• What is being asked: Copy each line of the listing below exactly and drop the images.
[[ Records for this task, beginning ]]
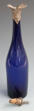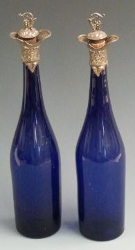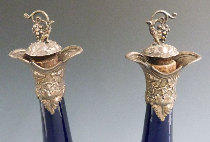 Pair of Victorian Bristol blue glass decanters with hallmarked silver mounts and stopper, Sheffield 1838 maker Thomas Bradbury & Son, height 40cm
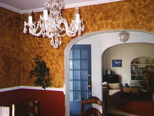 One major project undertaking was the dining room. There were several layers of wallpaper and paint that need to be removed down to the original plaster walls. Holes were then made in the wall to blow in insulation. This house has NO insulation in any wall. After the insulating was completed the holes were patches as well as any cracks in the plaster. A new wallboard ceiling was installed over the original. Painted was done, with a faux finish above the newly installed chair rail. Several unique items were discovered in the process. The arch entry and arc bookcase push out were originally squared off.
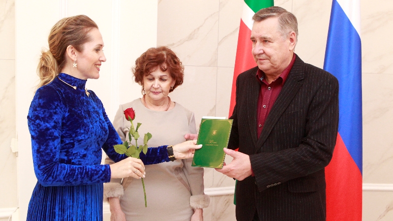 The ceremony of honoring 15 "diamond" and "gold" couples was held in a festive atmosphere. The host of the event congratulated the spouses, told about the history of each family. On behalf of the mayor of Kazan anniversaries handed a congratulatory address and a cash gift.
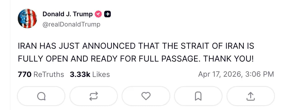 "İran indicə elan etdi ki, İran boğazı tamamilə açıqdır və sərbəst keçid üçün hazırdır. Sağ olun!"
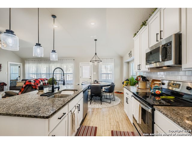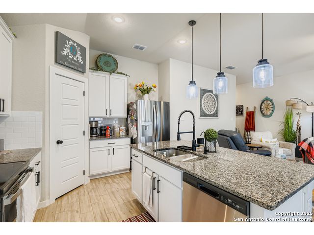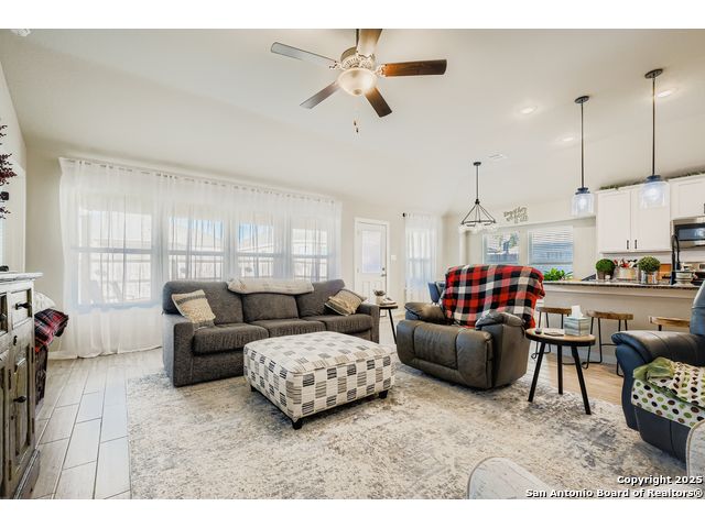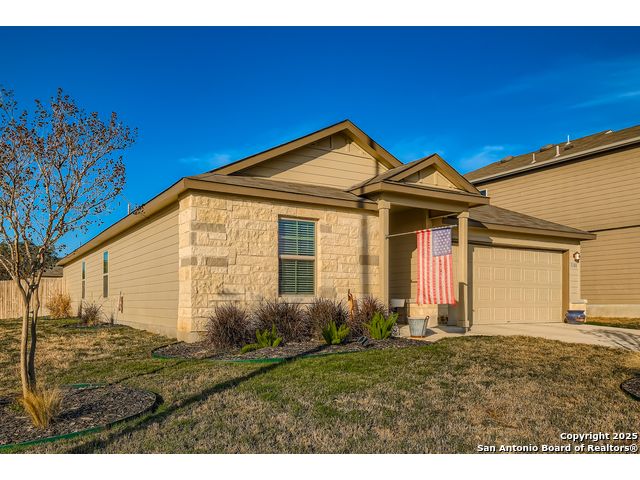 Welcome to this beautifully maintained newer-construction home in the desirable Greenspoint Heights subdivision, ideally positioned on a corner lot just moments from HWY 46. Thoughtfully designed for comfort and practicality, this 4-bedroom, 3-bathroom residence with a 2-car garage offers a harmonious blend of style, functionality, and everyday convenience. A generous 5-foot-wide entry foyer sets the tone, opening into a bright, inviting living space filled with abundant natural light. The open floor plan enhances flow and flexibility, complemented by quality fixtures and modern finishes throughout. The well-appointed kitchen features granite countertops, ample storage, and an easy layout perfect for cooking, entertaining, and daily living. The split floor plan ensures enhanced privacy. The spacious main bedroom includes double sinks with granite countertops, a walk-in shower, and a generous walk-in closet. Secondary bedrooms are comfortably sized and versatile, ideal for guests, family, or home office needs. Offers 2 Primary Suites. A separate laundry room adds convenience and includes a whole-home water system. Step outside to a nicely sized backyard with a covered patio-ideal for relaxing, grilling, or enjoying peaceful evenings. The home is conveniently located near the community pool and amenities, with quick access to the Guadalupe River where paddle boarding, canoeing, and fishing are all welcomed. This quiet, serene neighborhood offers a tranquil retreat while keeping you just minutes from the charm and attractions of New Braunfels. Combining modern comfort with a serene setting, this lovely home is ready to welcome its next owner.
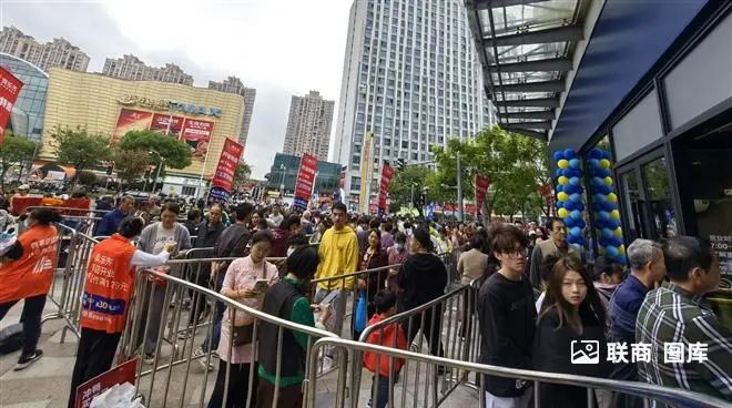 今天早上8:00未到,門口用鐵馬區(qū)隔處就排滿了顧客。一開門,顧客便蜂擁而入,賣場很快就擠滿了顧客,門店不得不階段性地采取限流措施。
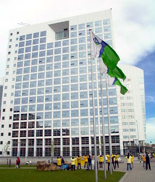 4月22日到中使馆前请愿在海牙国际刑事法庭前洪法
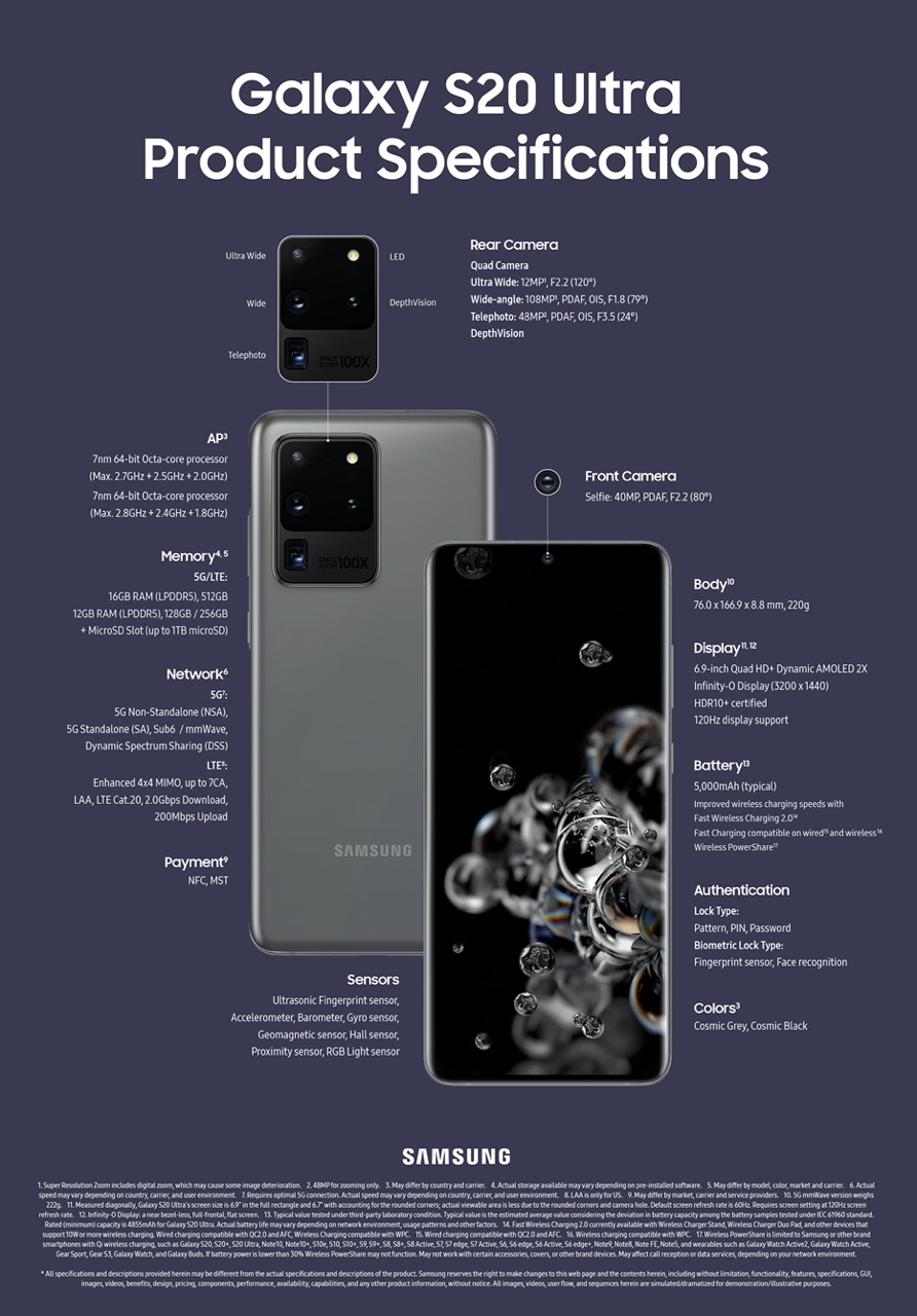 samsung galaxy specifications s20 ultra
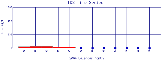 Total Dissolved Solids Time Series for 2004 Middle Boulder Creek at PSCo Weir |
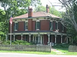 The house's first owner, Calendar Rohrbough, was born in Upshur County, Virginia and moved to Kinmundy in 1857. He served in the Civil War for the Union Army from 1862 to 1865, achieving the rank of captain as a member of the 118th Illinois Volunteer Infantry Regiment. After returning to Kinmundy, Rohrbough founded the Kinmundy First National Bank and the Kinmundy Savings and Loan Association. He was also active in politics and was elected mayor of Kinmundy before attempting a run for U.S. Congress in 1888. After Rohrbough's death, Fred O. Grissom purchased the house in 1925. Grissom also served as mayor of Kinmundy; in addition, he served as the city's postmaster for twenty-three years and as editor and publisher of the Kinmundy Express for eighteen. Grissom lived in the house until his death in 1978.[2]
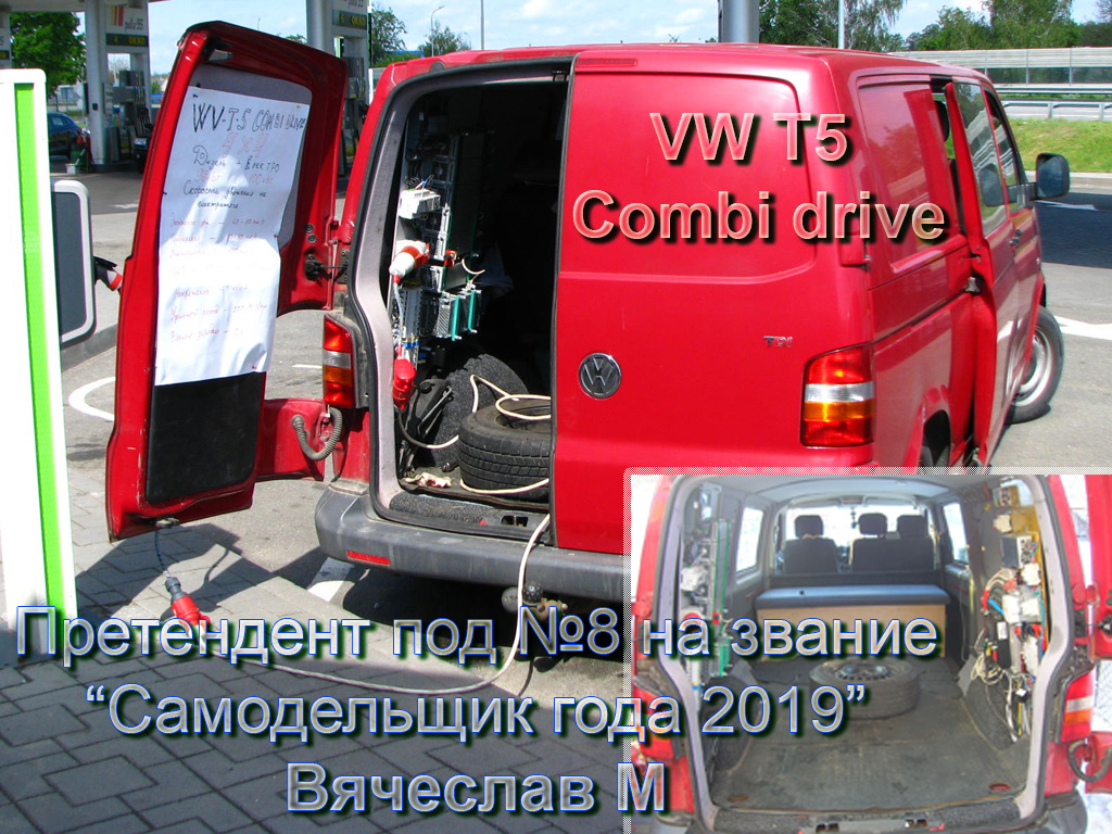ТРЕТЬЕ МЕСТО за VW T5 Combi drive получает Вячеслав aka Вячеслав М! Это один из самых уникальный минибусов страны. В нём используется комбинированная силовая установка: передние колёса вращаются от штатного дизельного двигателя а задние от электрического. Такое построение позволяет ездить в трёх комбинациях включенных двигателей: включены все, или включен один из них. Конструкция позволяет заряжать аккумуляторы при движении от дизельного двигателя путём рекуперации электрического. Мощность зарядки на борту 22 кВт. Элеткромобиль уже проехал более 100тыс.км., в том числе и за границей.
[[ Records for this task, end ]]
• Solved exercise:
 Pair of Victorian Bristol blue glass decanters with hallmarked silver mounts and stopper, Sheffield 1838 maker Thomas Bradbury & Son, height 40cm
 One major project undertaking was the dining room. There were several layers of wallpaper and paint that need to be removed down to the original plaster walls. Holes were then made in the wall to blow in insulation. This house has NO insulation in any wall. After the insulating was completed the holes were patches as well as any cracks in the plaster. A new wallboard ceiling was installed over the original. Painted was done, with a faux finish above the newly installed chair rail. Several unique items were discovered in the process. The arch entry and arc bookcase push out were originally squared off.
 The ceremony of honoring 15 "diamond" and "gold" couples was held in a festive atmosphere. The host of the event congratulated the spouses, told about the history of each family. On behalf of the mayor of Kazan anniversaries handed a congratulatory address and a cash gift.
 "İran indicə elan etdi ki, İran boğazı tamamilə açıqdır və sərbəst keçid üçün hazırdır. Sağ olun!"
 Welcome to this beautifully maintained newer-construction home in the desirable Greenspoint Heights subdivision, ideally positioned on a corner lot just moments from HWY 46. Thoughtfully designed for comfort and practicality, this 4-bedroom, 3-bathroom residence with a 2-car garage offers a harmonious blend of style, functionality, and everyday convenience. A generous 5-foot-wide entry foyer sets the tone, opening into a bright, inviting living space filled with abundant natural light. The open floor plan enhances flow and flexibility, complemented by quality fixtures and modern finishes throughout. The well-appointed kitchen features granite countertops, ample storage, and an easy layout perfect for cooking, entertaining, and daily living. The split floor plan ensures enhanced privacy. The spacious main bedroom includes double sinks with granite countertops, a walk-in shower, and a generous walk-in closet. Secondary bedrooms are comfortably sized and versatile, ideal for guests, family, or home office needs. Offers 2 Primary Suites. A separate laundry room adds convenience and includes a whole-home water system. Step outside to a nicely sized backyard with a covered patio-ideal for relaxing, grilling, or enjoying peaceful evenings. The home is conveniently located near the community pool and amenities, with quick access to the Guadalupe River where paddle boarding, canoeing, and fishing are all welcomed. This quiet, serene neighborhood offers a tranquil retreat while keeping you just minutes from the charm and attractions of New Braunfels. Combining modern comfort with a serene setting, this lovely home is ready to welcome its next owner.
 今天早上8:00未到,門口用鐵馬區(qū)隔處就排滿了顧客。一開門,顧客便蜂擁而入,賣場很快就擠滿了顧客,門店不得不階段性地采取限流措施。
 4月22日到中使馆前请愿在海牙国际刑事法庭前洪法
 samsung galaxy specifications s20 ultra
 Total Dissolved Solids Time Series for 2004 Middle Boulder Creek at PSCo Weir |
 The house's first owner, Calendar Rohrbough, was born in Upshur County, Virginia and moved to Kinmundy in 1857. He served in the Civil War for the Union Army from 1862 to 1865, achieving the rank of captain as a member of the 118th Illinois Volunteer Infantry Regiment. After returning to Kinmundy, Rohrbough founded the Kinmundy First National Bank and the Kinmundy Savings and Loan Association. He was also active in politics and was elected mayor of Kinmundy before attempting a run for U.S. Congress in 1888. After Rohrbough's death, Fred O. Grissom purchased the house in 1925. Grissom also served as mayor of Kinmundy; in addition, he served as the city's postmaster for twenty-three years and as editor and publisher of the Kinmundy Express for eighteen. Grissom lived in the house until his death in 1978.[2]
ТРЕТЬЕ МЕСТО за VW T5 Combi drive получает Вячеслав aka Вячеслав М! Это один из самых уникальный минибусов страны. В нём используется комбинированная силовая установка: передние колёса вращаются от штатного дизельного двигателя а задние от электрического. Такое построение позволяет ездить в трёх комбинациях включенных двигателей: включены все, или включен один из них. Конструкция позволяет заряжать аккумуляторы при движении от дизельного двигателя путём рекуперации электрического. Мощность зарядки на борту 22 кВт. Элеткромобиль уже проехал более 100тыс.км., в том числе и за границей.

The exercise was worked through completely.